Biotronik said today that it launched enrollment in what it claims to be the first large-scale prospective study exploring sex-specific outcomes in patients with non-ischemic cardiomyopathy treated with a cardiac defibrillator.
The newly launched BIO-LIBRA study aims to enroll up to 1,000 patients, with a minimum of 40% female enrollment, and will explore whether women and men respond differently to defibrillator therapy.
“BIO-LIBRA is a landmark clinical study that will balance our understanding of ventricular arrhythmia events and cause of death in patients with NICM treated with ICDs and CRT-Ds. The study will emphasize enrollment of women to fill the gap that currently exists in our knowledge of ICD effectiveness between sexes,” principal investigator Dr. Valentina Kutyifa of New York’s University of Rochester Medical Center said in prepared remarks.

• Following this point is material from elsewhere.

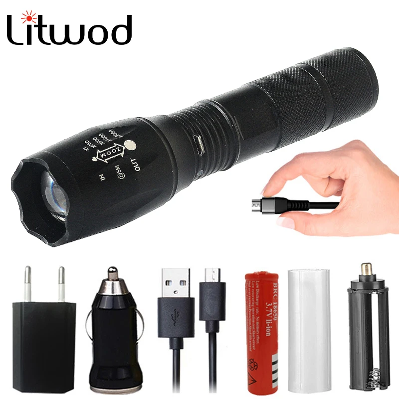 Фонарик Litwod Z20A100, перезаряжаемый светодиодный фонарь с Micro USB и 5 режимами работы, с возможностью масштабирования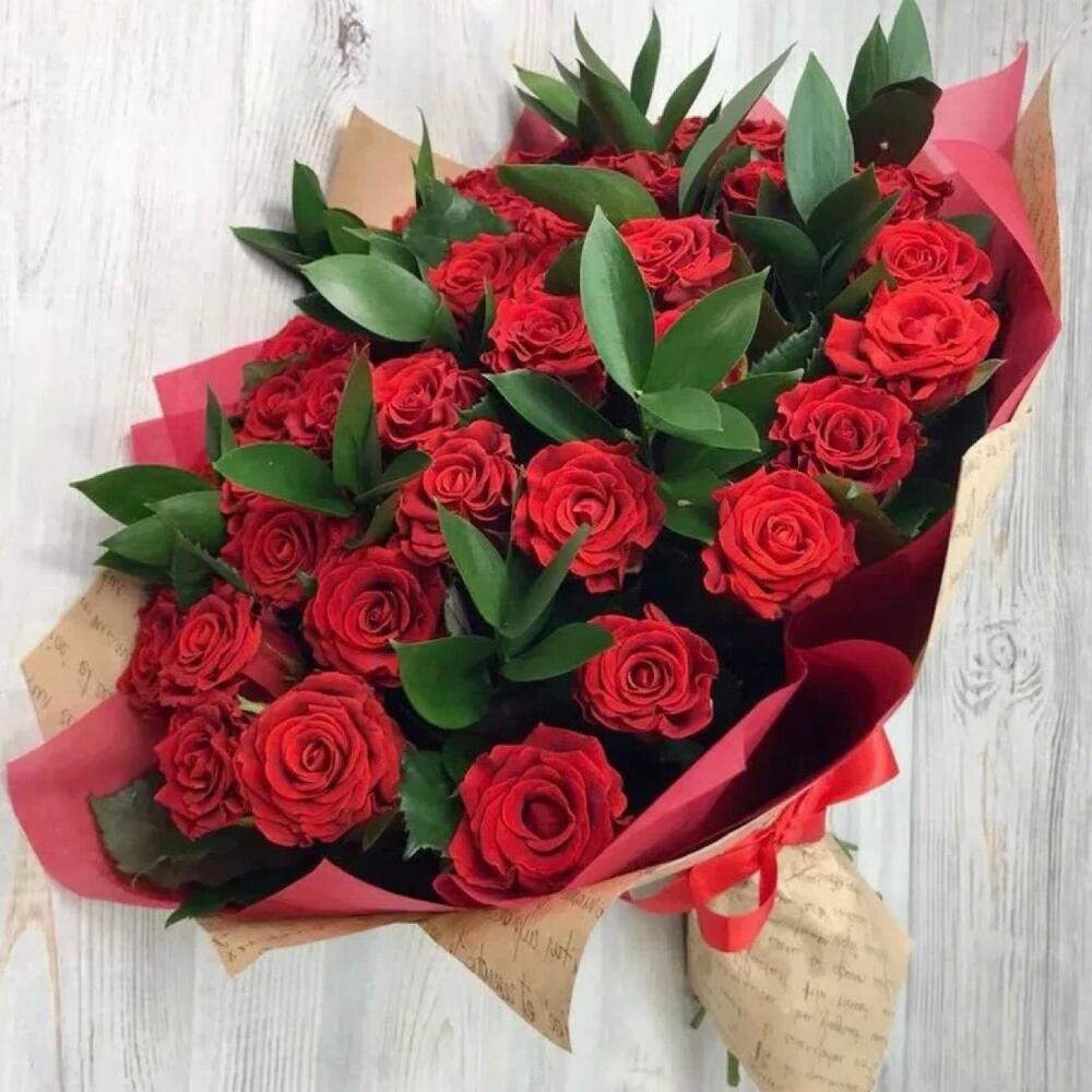 Рускус – 3 шт.Подарочная упаковка – 1 шт.розы 50 см – 25 шт.

“Not only will the BIO-LIBRA study enroll a large number of female patients, it is also led by female physicians. As a member of the Electrophysiologist International Community Alliance, advocating for women has been a continuous pursuit. Female physicians involved with BIO-LIBRA will play a pivotal role in its success and demonstrate a clear commitment to advancing healthcare for women,” co-principal investigator Jeanne Poole of Seattle’s University of Washington said in a prepared statement.
Patients in the trial will be treated with a Biotronik implantable cardioverter defibrillator or a cardiac resynchronization therapy defibrillator device, the Germany-based company said. Study investigators will analyze combined risk of all-cause mortality and treated ventricular tachycardia and ventricular fibrilation by both device type and sex, Biotronik added.
“At Biotronik, our priority is innovation that matters. We develop groundbreaking technologies that positively impact cardiac patient populations that are often overlooked. This study is an example of how we are investing in research that ensures all patients receive the best care possible,” Biotronik prez Ryan Walters said in a press release.
Last month, Biortonik said that it’s launching the PK Papyrus covered coronary stent system for acute coronary artery perforations in the U.S.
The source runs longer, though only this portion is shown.